Your objective :: For the material below, reproduce exactly each line from the one that has "Set de 4 assiettes" through the one that has "304 스테인레스 스틸", and no others; pictures stay out.

Raw data ::
[Start of section]

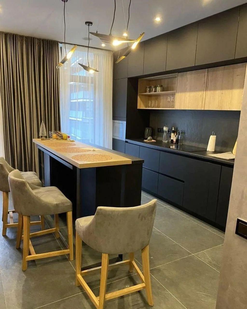 Этот интерьер пример того, как продуманность и вкус могут заменить услуги дизайнера. Пространство получилось лаконичным, современным и очень собранным: тёмные фасады, тёплое дерево и аккуратные световые акценты создают спокойную, уверенную атмосферу. Остров здесь не просто рабочая зона, а центр кухни место для завтраков, разговоров и тихих вечеров. Особенно приятно, что многие материалы были найдены со скидками: грамотный подход позволил уложиться в бюджет без потери качества и стиля.
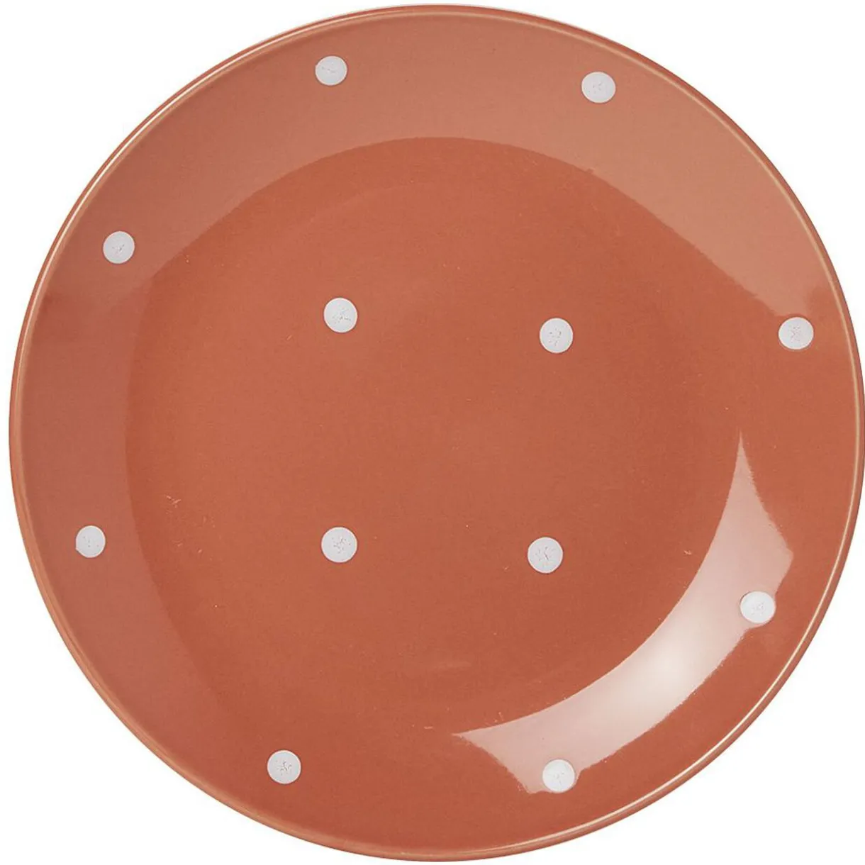 Set de 4 assiettes rondes plates aux couleurs assorties avec motif pois.
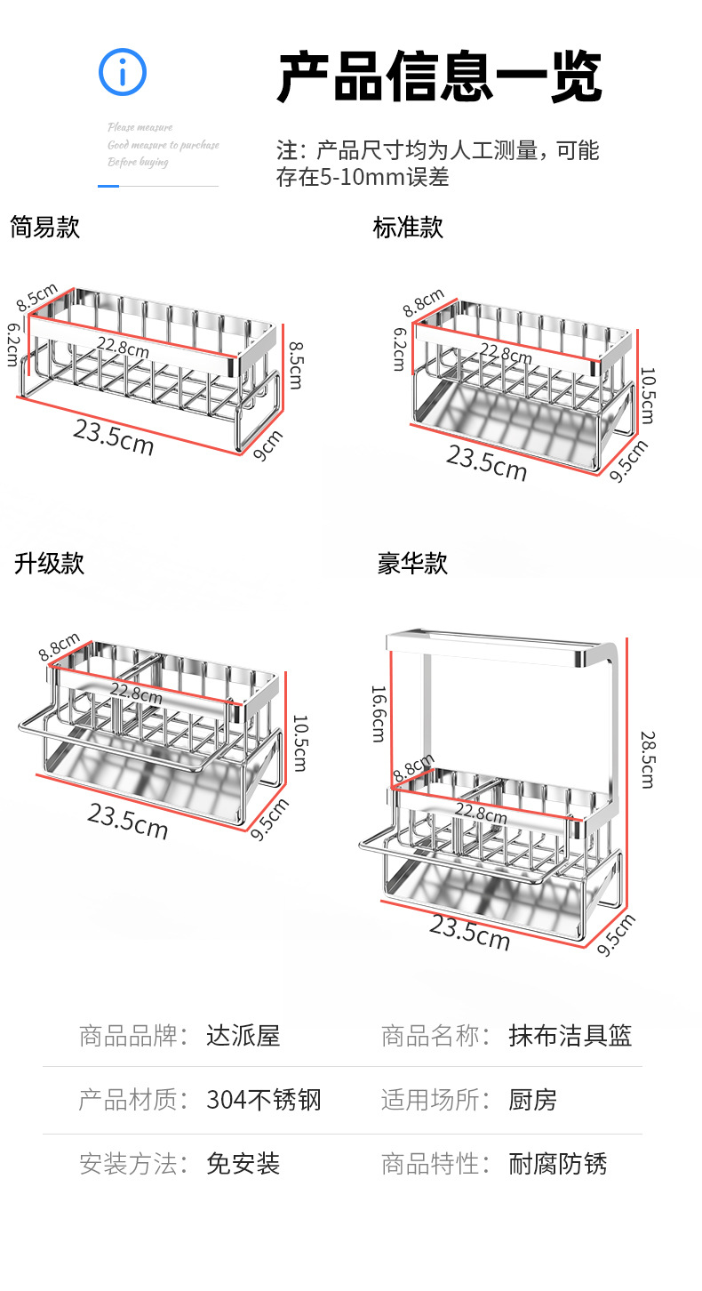 304 스테인레스 스틸 주방 랙 싱크 랙 건조 랙 싱크 접시 천 스폰지 스틸 와이어 볼 스토리지 랙스토어 가기
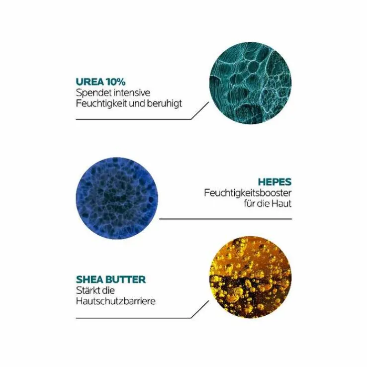 Die Lipikar Lait Urea 10 % ist die optimale Feuchtigkeitslotion für sehr trockene, raue und schuppige Haut. Dank ihrem Wirkstoffkomplex aus 10% Urea, HEPES und Sheabutter wird die die Haut bis zu 48 Stunden lang mit intensiver Feuchtigkeit versorgt. Gleichzeitig hat die Urea Creme eine beruhigende Wirkung und stärkt die Hautschutzbarriere effektiv.

[End of section]

Your solution ::
 Set de 4 assiettes rondes plates aux couleurs assorties avec motif pois.
 304 스테인레스 스틸 주방 랙 싱크 랙 건조 랙 싱크 접시 천 스폰지 스틸 와이어 볼 스토리지 랙스토어 가기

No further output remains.